Technical Specification Section 5.4.1.a, states, in part, that Written procedures shall be established, implemented, and maintained covering the following activities. The applicable procedures recommended in Regulatory Guide 1.33, Revision 2, Appendix A, February 1978. Paragraphs 2, 4, and 6, of this Regulatory Guide states, in part, that procedures related to General Plant Operating Procedures, Procedures for Startup, Operation and Shutdown of Safety-Related BWR Systems, and Procedures for Combating Emergencies and Other Significant Events, respectively, shall be prepared and activities shall be performed in accordance with these procedures. The licensee established NOP-SS-8001, FENOC Activity Tracking, Revision 1, as the implementing procedure for initiating and tracking the DCRs for these procedures. The DCRs were maintained in the site priorities SAP Database, which tracked notification initiation, review, priority and resolution, and closeout.

Contrary to the above, from November 2, 2005, to June 28, 2010, the licensee failed to maintain written procedures covering General Plant Operating Procedures, Procedures for Startup, Operation, and Shutdown of Safety-Related BWR Systems, and Procedures for Combating Emergencies and Other Significant Events, as required by Technical Specification, Section 5.4.1.a. Specifically, the licensee failed to effectively manage, prioritize and disposition numerous long-standing DCRs. The DCRs documented procedure changes to be incorporated into Operations procedures that were used during plant operation activities under normal, abnormal, emergency and shutdown conditions. Because this violation was of very low safety significance and it was entered into the licensees corrective action program as CR10-78998 and CR10-79187, this violation is being treated as an NCV, consistent with Section VI.A.1 of the NRC Enforcement Policy (NCV 05000440/2010006-01 (DRS), Failure to Effectively Manage, Prioritize and Disposition Numerous Operations Procedure Document Change Request Notifications).

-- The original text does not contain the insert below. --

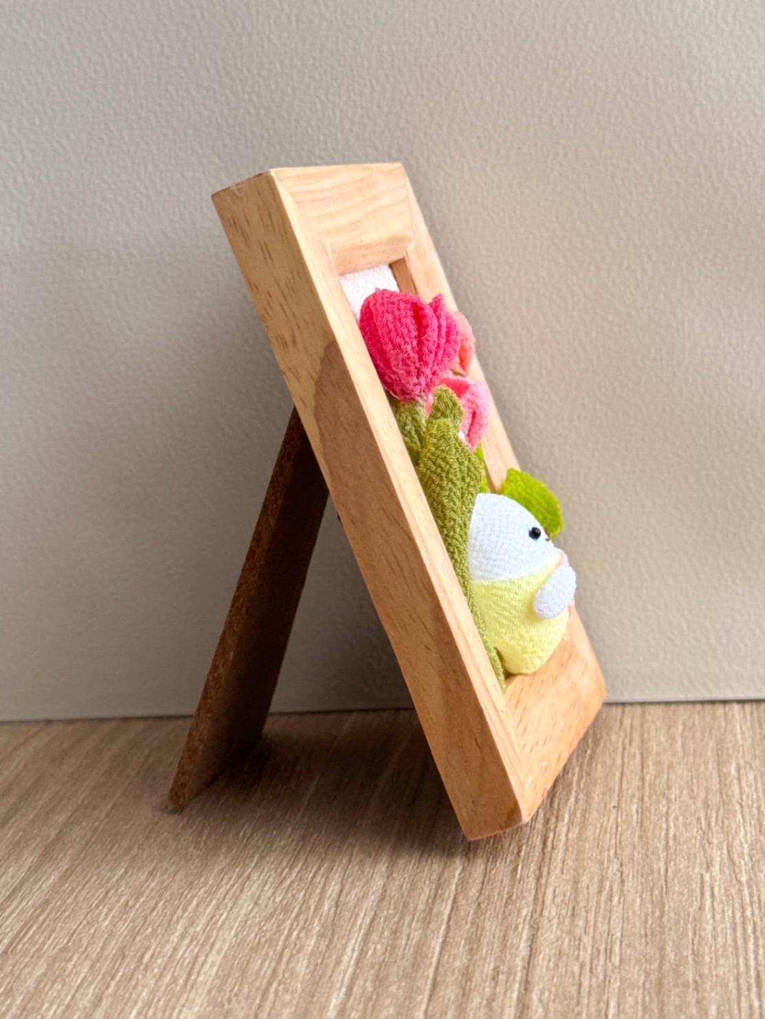 【ハンドメイド】うさぎと3本のチューリップのちりめんフォトフレーム

Permanent Plant Modifications

a. Inspection Scope

From June 14, 2010, through August 3, 2010, the inspectors reviewed 11 permanent plant modifications that had been installed in the plant during the last three years. This review included in-plant walkdowns of safety and non-safety-related systems and/or components. The modifications were selected based upon risk-significance, safety significance, and complexity. The inspectors reviewed the modifications selected to determine if:

  • the supporting design and licensing basis documentation was updated;
  • the changes were in accordance with the specified design requirements;
  • the procedures and training plans affected by the modification have been adequately updated;
  • the test documentation as required by the applicable test programs has been updated; and
  • post-modification testing adequately verified system operability and/or functionality.

The inspectors also used applicable industry standards to evaluate acceptability of the modifications. The list of modifications and other documents reviewed by the inspectors is included as an Attachment to this report.

This inspection constituted 11 permanent plant modification samples as defined in IP 71111.17-04.

b. Findings

Diesel Generator Rooms Fire Protection System Concern

Introduction:

The inspectors identified an unresolved item (URI) associated with the licensees Division 1, 2 and 3 diesel generator (DG) rooms carbon dioxide (CO2) fire suppression system. Specifically, the licensed CO2 fire suppression systems actuation logic was redesigned from single heat detector logic to cross-zoned (e.g., multiple) heat detector logic without prior approval from the NRC (i.e., the authority having jurisdiction).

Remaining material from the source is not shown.